I am not gloating over ELCA losses. Many spent energy and treasure bringing the ELCA into existence and I can only look on all this with sorrow.

But it is a judgment, I think.


60
When I originally posted this inquiry way back in lo! 2007 I was a board member of Lutherans for Life. I was asked to join more or less because I was an ELCA pastor and there was interest in expanding the LFL membership to include more ELCA Lutherans. I think the numbers of then-current ELCA members I reported was way, way off, and I cannot say why. It is perhaps because, my impression, LFL doesn't keep track of Lutheran affiliations among the members very well. Or maybe I just got hold of the wrong statistical set.

I am no longer a board member. I wisely resigned a year into it . . . because I was a lousy board member. LFL deserved someone with a longer attention span, fewer family obligations at home, and a lively interest in being made to discuss things in a committee. On those grounds, I was uniquely unqualified.

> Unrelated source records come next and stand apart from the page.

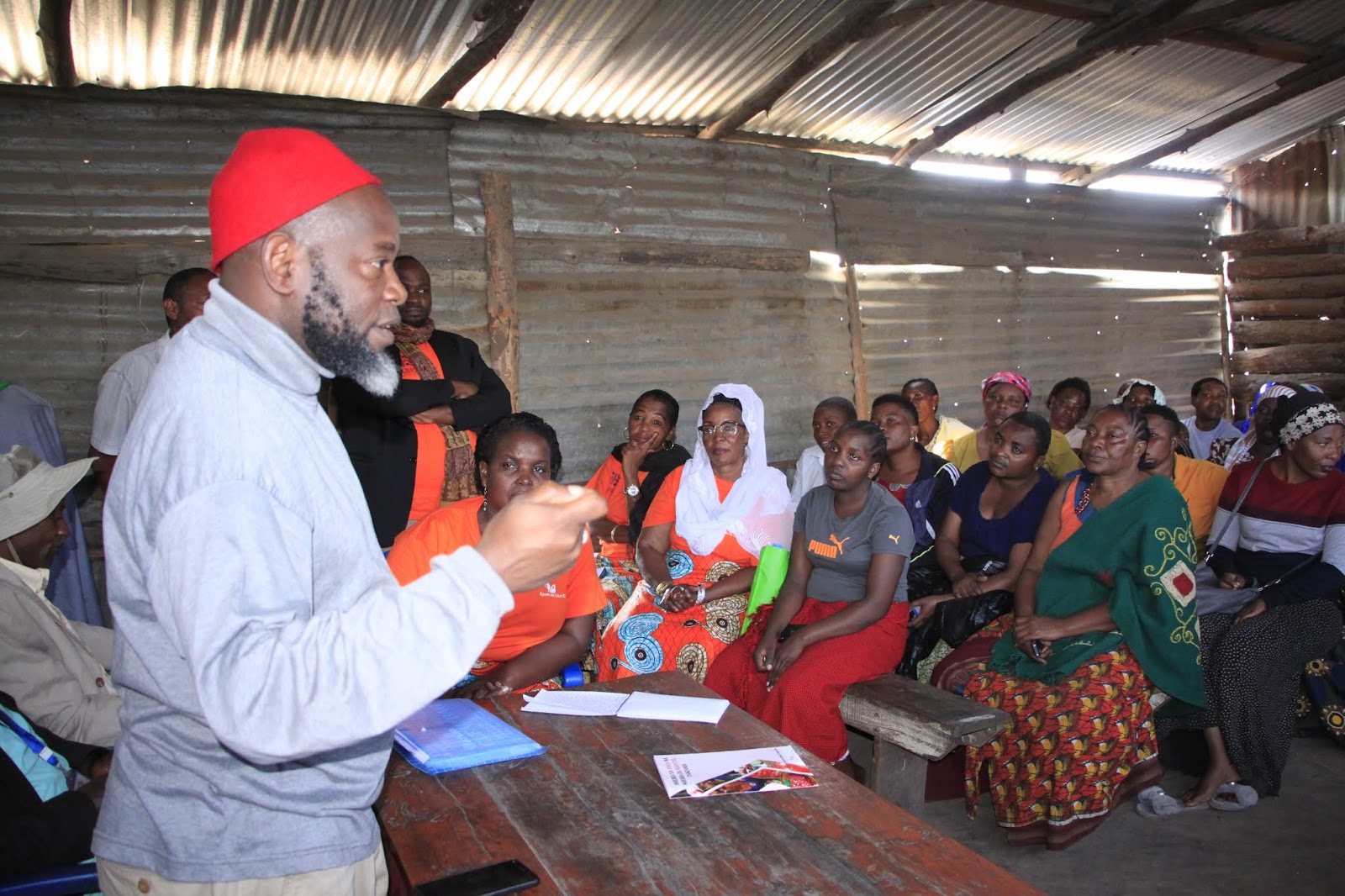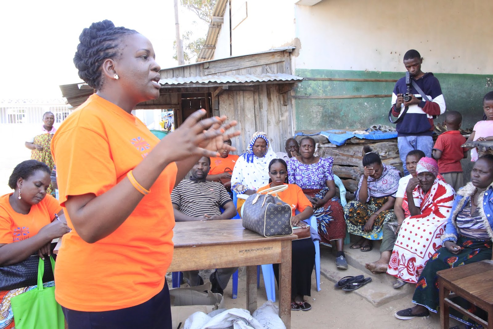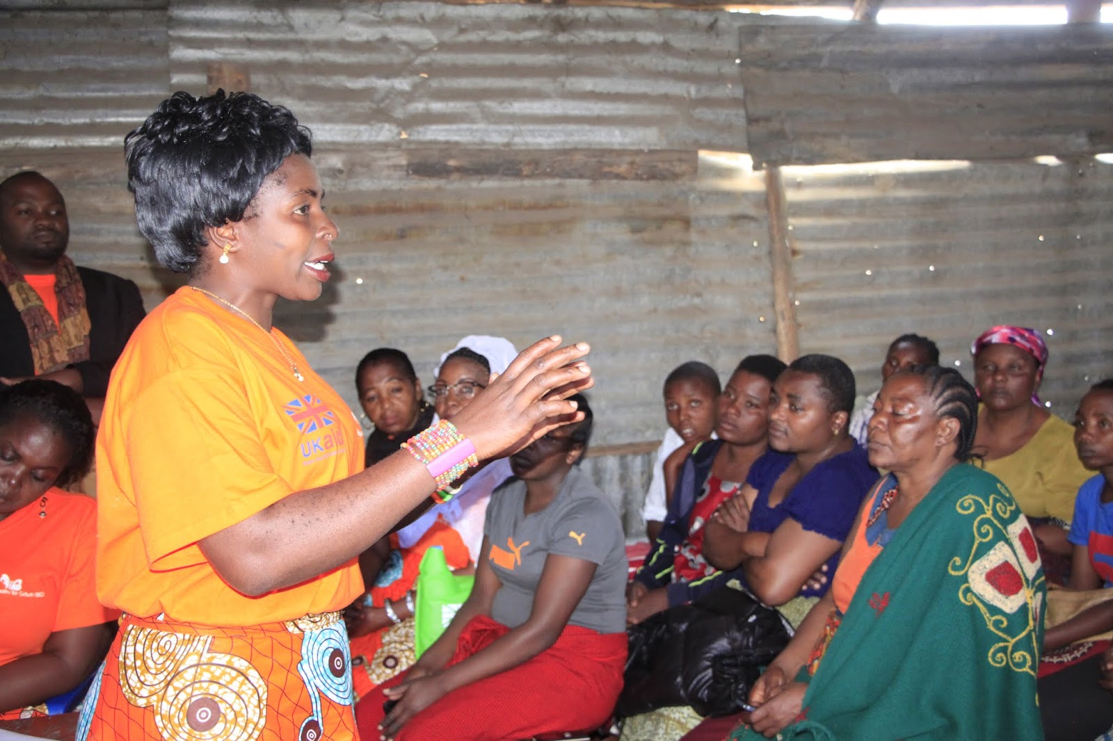 Ofisa Utawala wa EfG, Eva Buhembo, akizungumza na wanawake wa Soko la Kihesa.
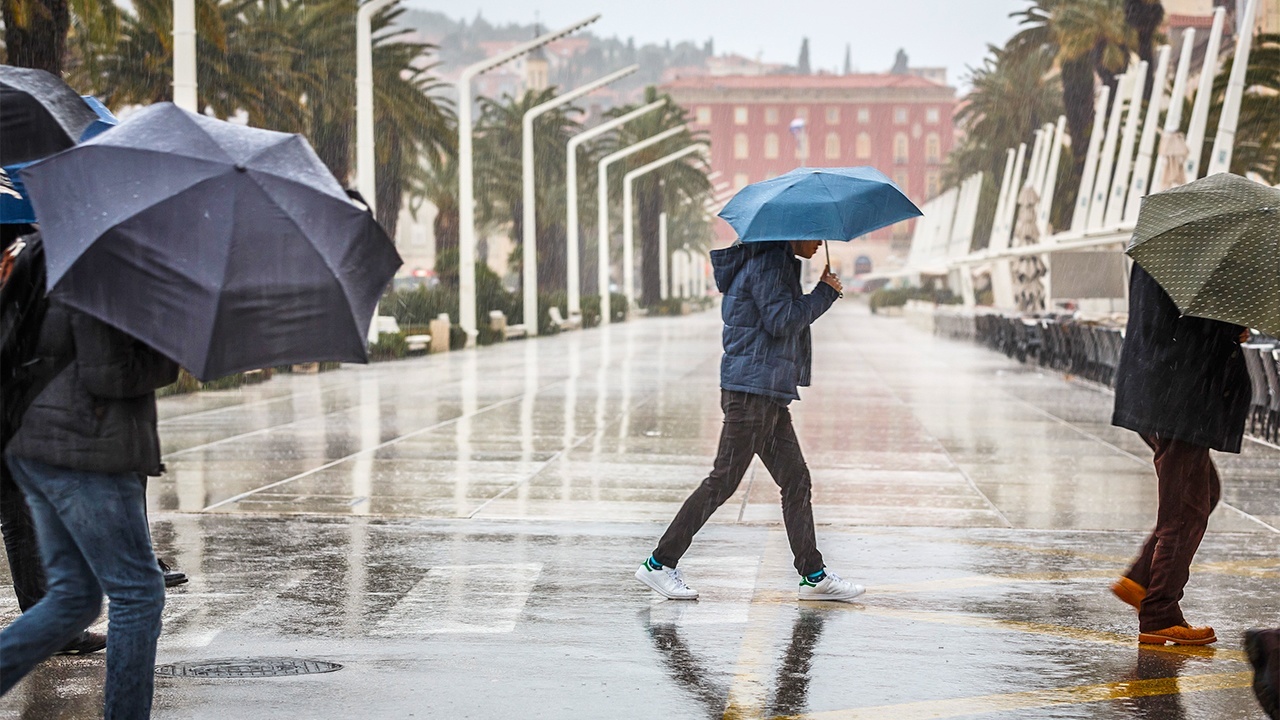 Kišno i tmurno jutro je na Splitskoj Rivi. Nakon niza sunčanih i vedrih dana, danas je Dalmaciju zahvatila nova ciklona koja je donijela obilnu kišu i olujno jugo.
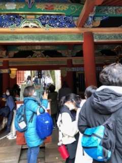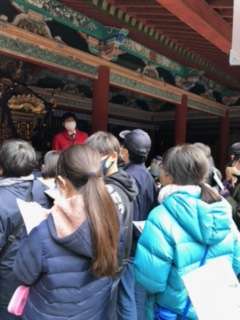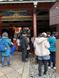 家康公の墓所の入り口となる坂下門に来ました。眠り猫が墓を守るための彫刻として彫られています。強いものが弱いものを虐げない共存共栄の世の中を表しているとの説明を聞き、眠り猫とその裏側の雀を見ながら門をくぐりました。
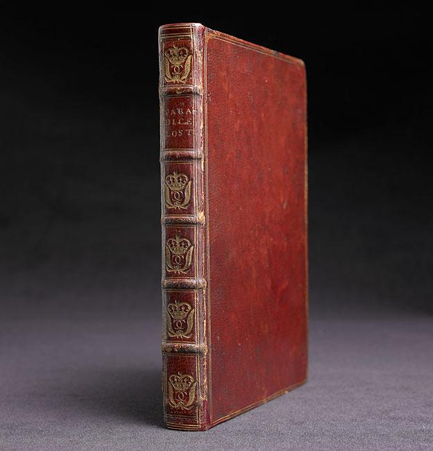 When Charles II was restored to the English throne in 1660, he issued a proclamation calling for two of Milton's books to be publicly burned by the hangman. This is a magnificent association copy, bound in full contemporary red morocco and stamped in gilt with the cipher of Charles II, consisting of crowned Cs and palm leaves in five of the six spine panels. The endpapers also bear a watermark with the arms of Charles II. The royal binding is attributed to Samuel Mearne. The gilt stamped spine reads Paradice Lost, the title as it was entered in the Stationers' Register on 20 August 1667. This copy has the 1667 title page bound, as printed, at the end.
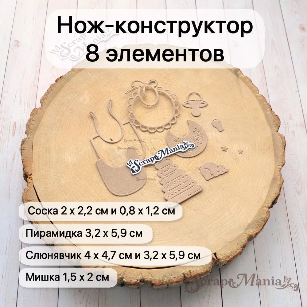 В наборе 8 ножей, соединенных перемычкой, которую при необходимости можно перекусить. Общий размер ножа 7,8х10,4 см. Размер соски 2х2,2 см и 0,8х1,2 см, пирамидки 3,2х5,9 см, слюнявчиков 4х4,7 см и 3,2х5,9 см, мишки 1,5х2 см, звездочек 0,5х0,5 см и 0,6х0,6 см. Идеальное дополнение к детским работам. Чудесный нож-конструктор позволит Вам проявить невероятную фантазию в своих работах. Компонуйте, меняйте, переставляйте местами вырубку и создавайте свой невероятный дизайн. Отлично сочетается с другими ножами из серии "Детство" (арт. 255645, 255652 и др)
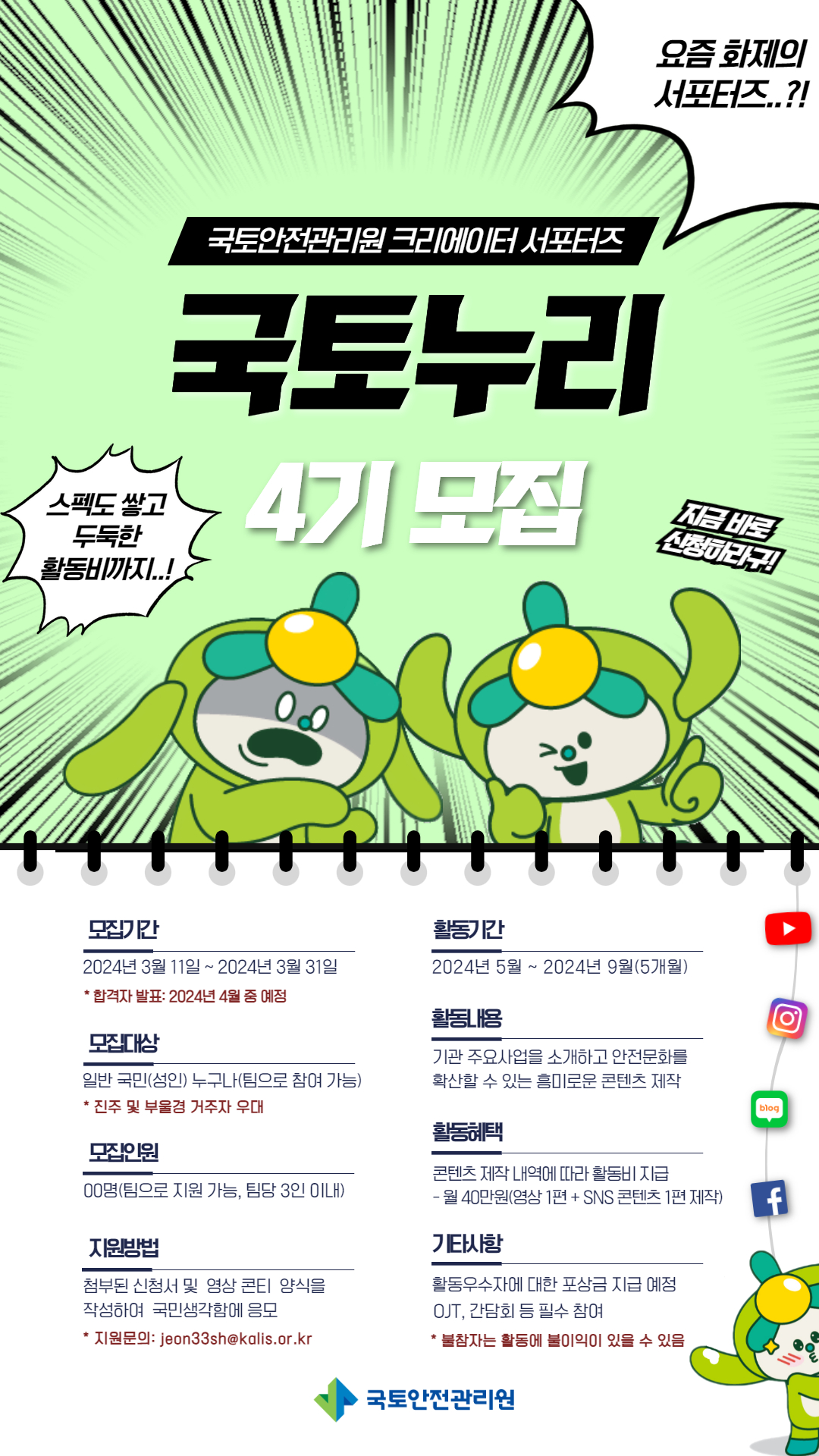 ㅇ 활동내용 : 국토안전관리원의 역할 및 각종 안전(건설, 시설, 생활)과 관련된 흥미롭고 주목성 강한 콘텐츠 제작(매월 영상 1편 + SNS 콘텐츠(카드뉴스, 웹툰, 블로그 포스팅 등) 1편 제작)

However, the people I met through LFL were, first of all, pro-life, and second, Lutheran, and so far as I could tell, only incidentally Lutheran Church Missouri Synod. No one I ever met thought of LFL as a uniquely LCMS outfit. Nor do their hiring practices necessarily reflect that.

In 2009 I was one of the workshop leaders at the LFL national convention in St. Louis. The featured speaker for the evening was a Roman Catholic, and I shared a dinner table with four different kinds of Lutherans, by my count, including one of the LFL staffers, an ELCA lay woman. Several ELCA people attended my workshop.

I didn't meet any nuts, crazy people, or other assortments of unlikable sorts.

Bottom line for me, there is no other Lutheran organization for pro-life Lutherans.

I think - an opinion, but I hope a not uninformed opinion - the low number of ELCA members in Lutherans for Life reflects an ELCA denominational culture that ignores abortion and dismisses pro-life efforts as socially divisive. An ELCA member who tried to create an LFL congregational chapter would be unwelcome in most ELCA congregations. I doubt very much that any ELCA congregation would carry LFL pro-life inserts - or pro-life inserts of any sort - in Sunday's bulletin. But I do know of at least two that have carried Planned Parenthood materials.

The ELCA statement on abortion - which I once described as "theological road kill" - and the practice of the ELCA health plan in treating elective abortion as a reimbursable medical expense precludes the possibility of most ELCA pastors from doing anything publicly in the congregation to support, endorse, or encourage LFL membership. It prevents them from offering any public encouragement for any opposition to abortion.

(An aside, I am no longer a member of the health plan; I quit in the early 1990s when the ELCA church council forced the Board of Pensions into the business of paying for elective abortions. My private health insurance, Blue Cross Blue Shield Kansas City, will not pay for an elective abortion.)

My in-laws in South Carolina are the Roman Catholic diocesan representatives to Forty Days for Life. It is a heavily ecumenical outfit. There are no ELCA congregations participating, nor any ELCA Lutherans individually that I am aware of.

In 2002 at the Central States Synod assembly a number of us produced a resolution forming a task force to gather resource materials for women who might be seeking an alternative to abortion. We were attacked, viciously I think, from the floor by an array of people who each more or less suggested that even providing such material was a denial of a woman's right to choose. (The resolution passed, narrowly.)

Gregory Davidson suggests above that LCMS folks themselves start talking to ELCA people. That's not bad, but I am doubtful. I would like to hear of any one Lutherans for Life representative being allowed to introduce LFL to an ELCA council meeting.